*COLLECTED MATERIAL*.
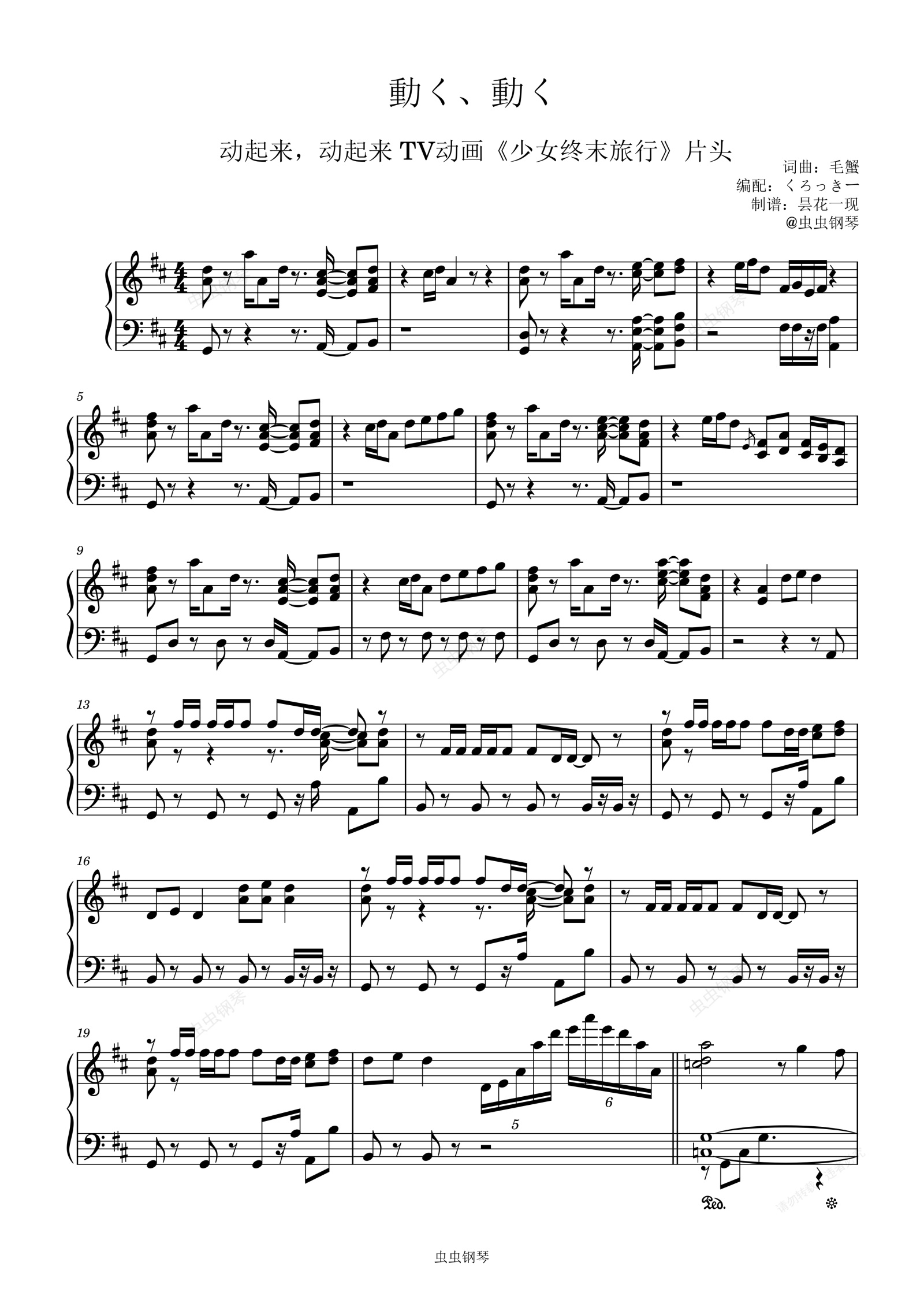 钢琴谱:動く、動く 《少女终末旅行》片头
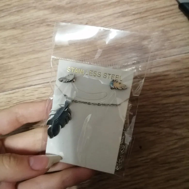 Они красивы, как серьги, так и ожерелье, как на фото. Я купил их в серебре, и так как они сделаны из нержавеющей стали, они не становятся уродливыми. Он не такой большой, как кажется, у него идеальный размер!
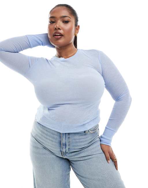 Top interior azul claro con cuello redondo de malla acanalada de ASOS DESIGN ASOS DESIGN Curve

*EXERCISE DESCRIPTION*. The expected output is the full material above, unaltered, with pictures removed.

*REPLY TO THE EXERCISE*.
 钢琴谱:動く、動く 《少女终末旅行》片头
 Они красивы, как серьги, так и ожерелье, как на фото. Я купил их в серебре, и так как они сделаны из нержавеющей стали, они не становятся уродливыми. Он не такой большой, как кажется, у него идеальный размер!
 Top interior azul claro con cuello redondo de malla acanalada de ASOS DESIGN ASOS DESIGN Curve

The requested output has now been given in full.